■ **REQUIREMENT**
Nothing but the pictures should be dropped; repeat the rest of the data below exactly.

■ **INPUT MATERIAL**
'''
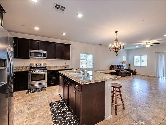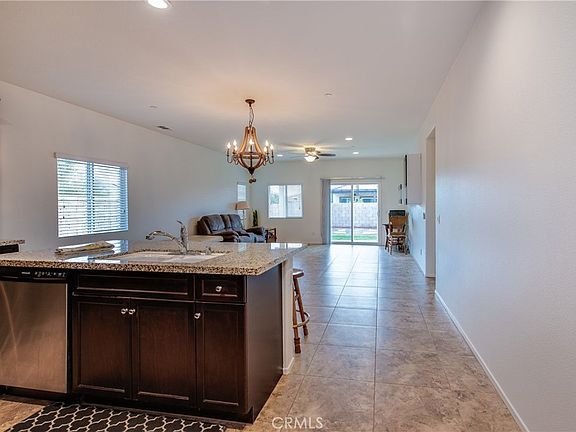 Contemporary D.R. Horton 2017 built "Over 55" home at a fabulous quaint gated resort on a premium corner lot. Great curb appeal with brick type facade accents and covered front porch. Fresh interior paint and tile floors throughout except newly carpeted bedrooms and den that is easily convertible to a 3rd bedroom. Large great/dining room with custom lighting, ceiling fan and slider to the covered patio and lush rear yard. The dream kitchen features granite counters, a breakfast bar island with sink and dishwasher, stainless steel appliances including a 5-burner gas range, included refrigerator, Java cabinets galore and walk-in pantry. Unique big laundry/hobby room with lots of cabinets and folding/work counters. The master bedroom has a ceiling fan and ensuite bathroom with dual sink vanity, shower, privacy commode, linen cabinet and spacious walk-in closet. The guest bedroom has an adjacent full bath with tub. High quality builder features throughout including fire sprinklers and tankless water heater. See photos for the floorplan and a list of the builder's construction features. The finished 2-car garage has a newer garage door and opener with battery back-up and outside key pad. The big back and side yards are surrounded by block walls and include an Alumawood solid ceiling cover over the stamped concrete patio and lush lawn and gardens. The low HOA dues includes front yard maintenance and provides access to the extraordinary association amenities including a beautiful pool, spa, covered lanai, BBQ/ party area, clubhouse with pool table and kitchen plus separate gym building. This community is ideally located about an hour's drive to L.A. and Orange Counties, downtown San Diego, Palm Springs and Idyllwild. Close to Temecula, The Wine Country and Casinos.
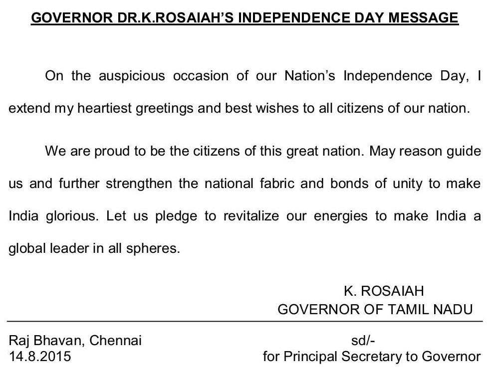 நம் நாட்டின் குடிமக்கள் அனைவருக்கும், எனது இதயப்பூர்வமான சுதந்திர தின வாழ்த்துக்களை தெரிவித்துக் கொள்கிறேன். நாம் இந்த நாட்டின் குடிமக்கள் என்பதில் பெருமையடைகின்றோம். நமது தேசிய கட்டமைப்பு மற்றும் ஒருமைபாடு, உலக அளவில் தலைமை தாங்க வழிவகுக்கும். இவ்வாறு தமிழக ஆளுநர் ரோசையா தமது வாழ்த்து செய்தியில் குறிப்பிட்டுயுள்ளார்.
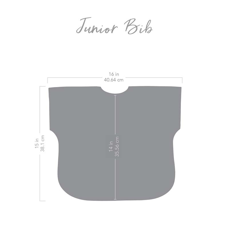 Generously sized and both comfortable and durable, the Junior Bib can fit 1 - 3 years.
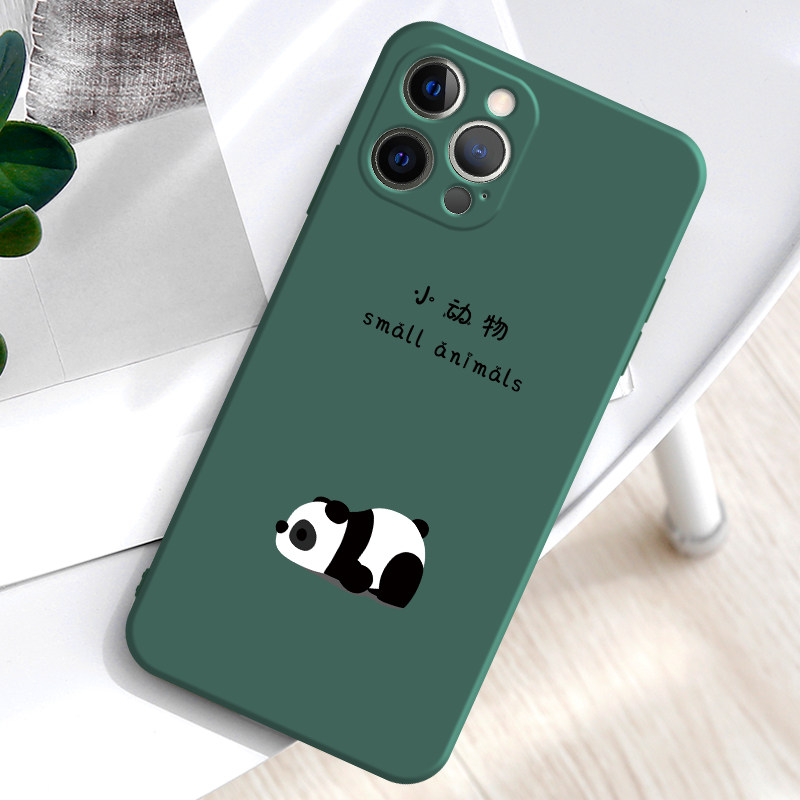 Panda illustrations apply to apple 12 phone protection shell 11promax cute couple xr male and female iphone6p liquid silicone gel 8p full package mini anti-fall 7 protective sleeve se
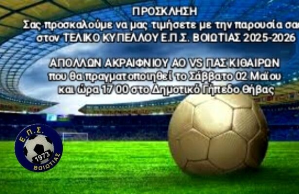 Διεξαγωγή Ημιτελικής Φάσης Κυπέλλου Ε.Π.Σ. ΒΟΙΩΤΙΑΣ 2025 – 2026
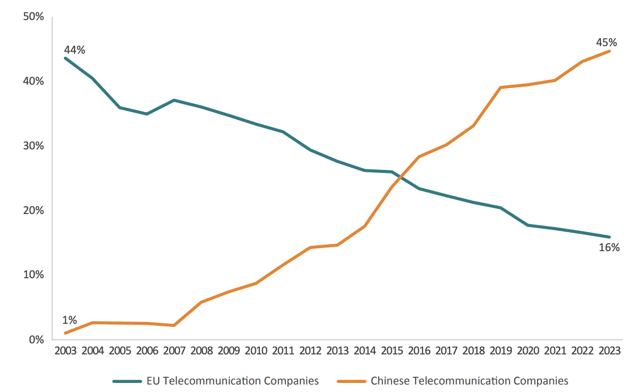 In summary, the performance of the EU telecommunications sector reveals a mixed picture. The overall sector has struggled to keep pace with other technology sectors, and in some areas, such as employment, it has even contracted over time. This erosion in the domestic market affects the wider ecosystem, including firms at the forefront of telecommunication technology development, which are increasingly reliant on foreign demand to grow.[7] Yet, Europe still hosts companies that are among the global leaders in the field. However, their position is no longer unchallenged: Chinese players are rapidly catching up. At the same time, the convergence between telecommunications and digital technologies creates a window of opportunity for EU telecommunication technology companies. But doing so will require confronting not just rising Asian competitors, but also US-based digital companies with deep R&D budgets.
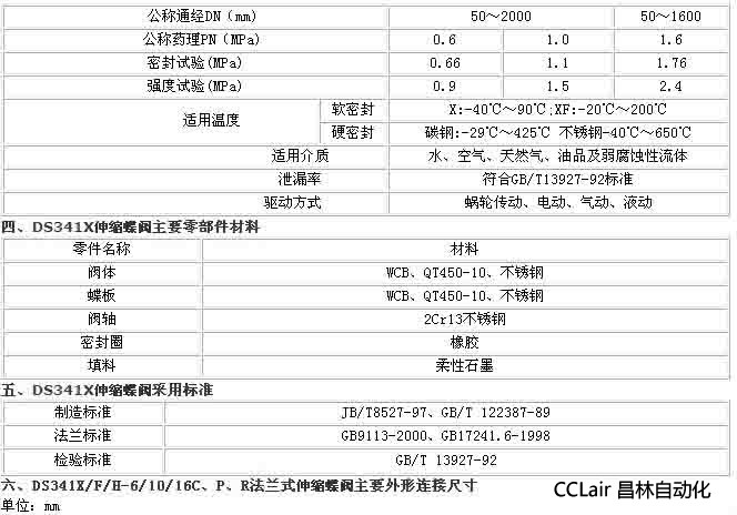 三、DS341X伸縮蝶閥主要技術(shù)參數(shù)
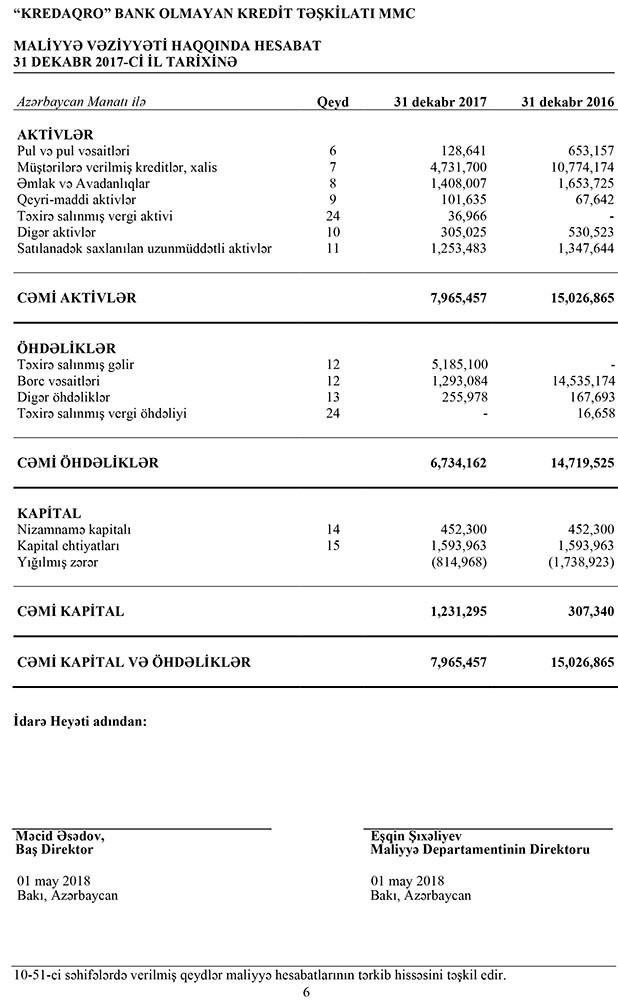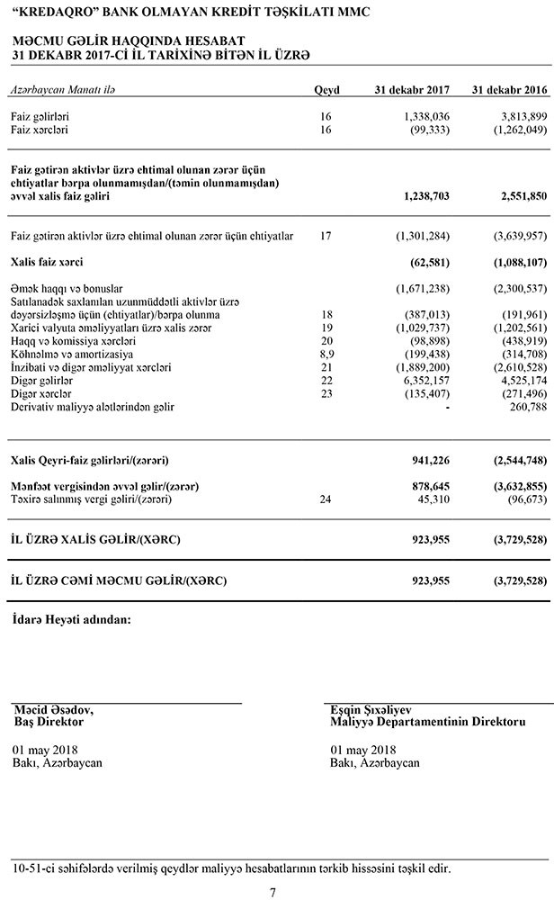 “Kred Aqro” Bank olmayan kredit təşkilatı 2017-ci ili 923 min 955 manat xalis mənfəət ilə başa vurub. Təşkilat 2016-cı ili 3 milyon 729 min manat zərər ilə bağlamışdı.
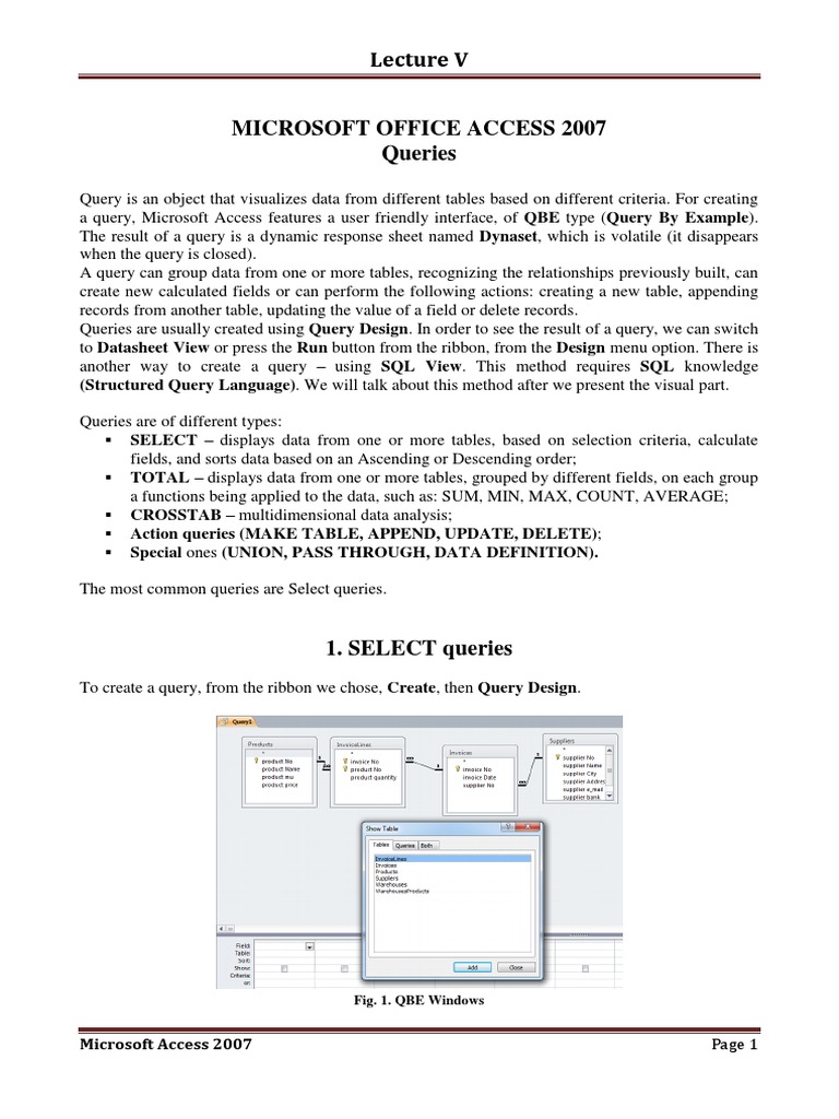 Lecture V MICROSOFT OFFICE ACCESS 2007 Queries
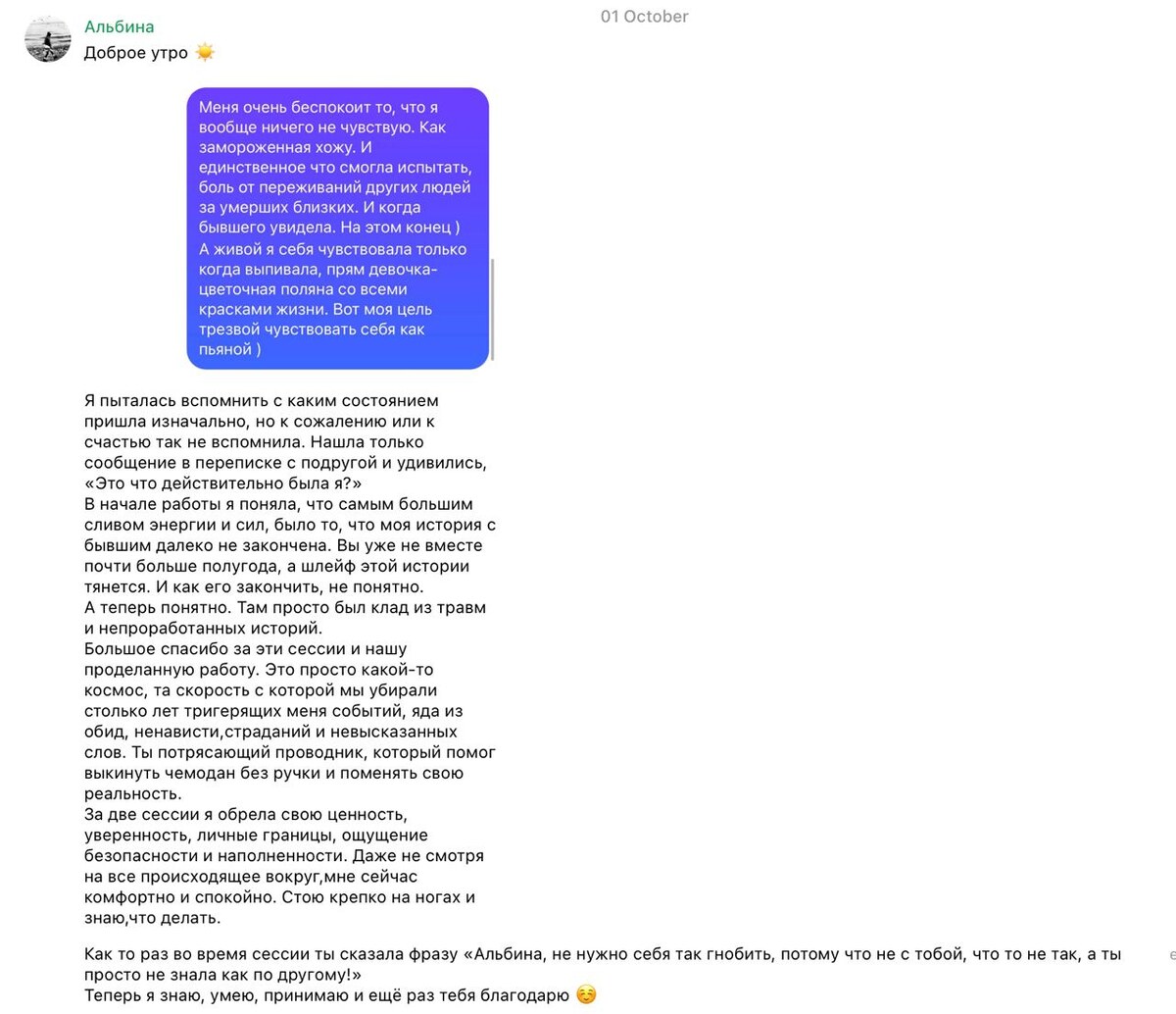 Привет, меня зовут Руфина и я 3 года помогаю женщинам пережить развод и расставание и показываю выход из сложных ситуаций в отношениях. Альбина пришла ко мне с запросом - отношения закончились полгода назад. Ей казалось, что все прошло, прожито и нет никаких эмоций. Но вдруг случайная встреча с ним и она впадает в истерику. Неожиданно все внутри поднялось: страх, злость и ее выбило на несколько дней из жизни от огромной боли и смешанных эмоций. Ее это испугало и она обратилась ко мне. Вся ее ситуация показательна - так бывает, когда женщины не проживают расставание правильно. Негативные эмоции, которые возникают у каждой женщины после разрыва закупорились в ней, как газы в кока-коле, тряслись внутри полгода и при болезненном триггере (встреча с бывшим), просто взорвались унося крышечку куда-то в космос. Мы пошли по стандартному протоколу расставания: 1. Отработали все негативные сцены из отношений. В ходе работы, оказалось, что больно не только от расставания. В самих отношениях
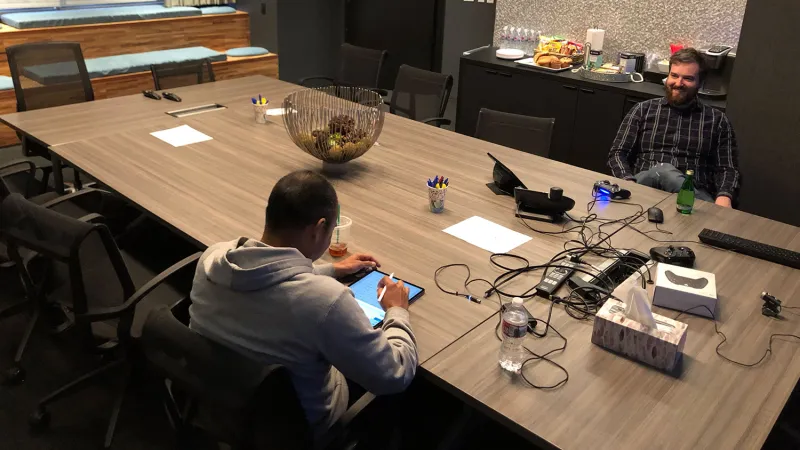 Kyle Hilliard: When putting our schedule together for the Fallen Order cover trip, I honestly wasn’t sure what to expect from getting to sit in on a design meeting. I assumed we would be interviewing Respawn folks who would potentially be part of a meeting like this, so I was surprised when a team of six or so designers came into the meeting room, made their introductions, but then got down to business by loading up a build of the level they were there to discuss and playing through it.
'''
■ **EXERCISE RESULT**
 Contemporary D.R. Horton 2017 built "Over 55" home at a fabulous quaint gated resort on a premium corner lot. Great curb appeal with brick type facade accents and covered front porch. Fresh interior paint and tile floors throughout except newly carpeted bedrooms and den that is easily convertible to a 3rd bedroom. Large great/dining room with custom lighting, ceiling fan and slider to the covered patio and lush rear yard. The dream kitchen features granite counters, a breakfast bar island with sink and dishwasher, stainless steel appliances including a 5-burner gas range, included refrigerator, Java cabinets galore and walk-in pantry. Unique big laundry/hobby room with lots of cabinets and folding/work counters. The master bedroom has a ceiling fan and ensuite bathroom with dual sink vanity, shower, privacy commode, linen cabinet and spacious walk-in closet. The guest bedroom has an adjacent full bath with tub. High quality builder features throughout including fire sprinklers and tankless water heater. See photos for the floorplan and a list of the builder's construction features. The finished 2-car garage has a newer garage door and opener with battery back-up and outside key pad. The big back and side yards are surrounded by block walls and include an Alumawood solid ceiling cover over the stamped concrete patio and lush lawn and gardens. The low HOA dues includes front yard maintenance and provides access to the extraordinary association amenities including a beautiful pool, spa, covered lanai, BBQ/ party area, clubhouse with pool table and kitchen plus separate gym building. This community is ideally located about an hour's drive to L.A. and Orange Counties, downtown San Diego, Palm Springs and Idyllwild. Close to Temecula, The Wine Country and Casinos.
 நம் நாட்டின் குடிமக்கள் அனைவருக்கும், எனது இதயப்பூர்வமான சுதந்திர தின வாழ்த்துக்களை தெரிவித்துக் கொள்கிறேன். நாம் இந்த நாட்டின் குடிமக்கள் என்பதில் பெருமையடைகின்றோம். நமது தேசிய கட்டமைப்பு மற்றும் ஒருமைபாடு, உலக அளவில் தலைமை தாங்க வழிவகுக்கும். இவ்வாறு தமிழக ஆளுநர் ரோசையா தமது வாழ்த்து செய்தியில் குறிப்பிட்டுயுள்ளார்.
 Generously sized and both comfortable and durable, the Junior Bib can fit 1 - 3 years.
 Panda illustrations apply to apple 12 phone protection shell 11promax cute couple xr male and female iphone6p liquid silicone gel 8p full package mini anti-fall 7 protective sleeve se
 Διεξαγωγή Ημιτελικής Φάσης Κυπέλλου Ε.Π.Σ. ΒΟΙΩΤΙΑΣ 2025 – 2026
 In summary, the performance of the EU telecommunications sector reveals a mixed picture. The overall sector has struggled to keep pace with other technology sectors, and in some areas, such as employment, it has even contracted over time. This erosion in the domestic market affects the wider ecosystem, including firms at the forefront of telecommunication technology development, which are increasingly reliant on foreign demand to grow.[7] Yet, Europe still hosts companies that are among the global leaders in the field. However, their position is no longer unchallenged: Chinese players are rapidly catching up. At the same time, the convergence between telecommunications and digital technologies creates a window of opportunity for EU telecommunication technology companies. But doing so will require confronting not just rising Asian competitors, but also US-based digital companies with deep R&D budgets.
 三、DS341X伸縮蝶閥主要技術(shù)參數(shù)
 “Kred Aqro” Bank olmayan kredit təşkilatı 2017-ci ili 923 min 955 manat xalis mənfəət ilə başa vurub. Təşkilat 2016-cı ili 3 milyon 729 min manat zərər ilə bağlamışdı.
 Lecture V MICROSOFT OFFICE ACCESS 2007 Queries
 Привет, меня зовут Руфина и я 3 года помогаю женщинам пережить развод и расставание и показываю выход из сложных ситуаций в отношениях. Альбина пришла ко мне с запросом - отношения закончились полгода назад. Ей казалось, что все прошло, прожито и нет никаких эмоций. Но вдруг случайная встреча с ним и она впадает в истерику. Неожиданно все внутри поднялось: страх, злость и ее выбило на несколько дней из жизни от огромной боли и смешанных эмоций. Ее это испугало и она обратилась ко мне. Вся ее ситуация показательна - так бывает, когда женщины не проживают расставание правильно. Негативные эмоции, которые возникают у каждой женщины после разрыва закупорились в ней, как газы в кока-коле, тряслись внутри полгода и при болезненном триггере (встреча с бывшим), просто взорвались унося крышечку куда-то в космос. Мы пошли по стандартному протоколу расставания: 1. Отработали все негативные сцены из отношений. В ходе работы, оказалось, что больно не только от расставания. В самих отношениях
 Kyle Hilliard: When putting our schedule together for the Fallen Order cover trip, I honestly wasn’t sure what to expect from getting to sit in on a design meeting. I assumed we would be interviewing Respawn folks who would potentially be part of a meeting like this, so I was surprised when a team of six or so designers came into the meeting room, made their introductions, but then got down to business by loading up a build of the level they were there to discuss and playing through it.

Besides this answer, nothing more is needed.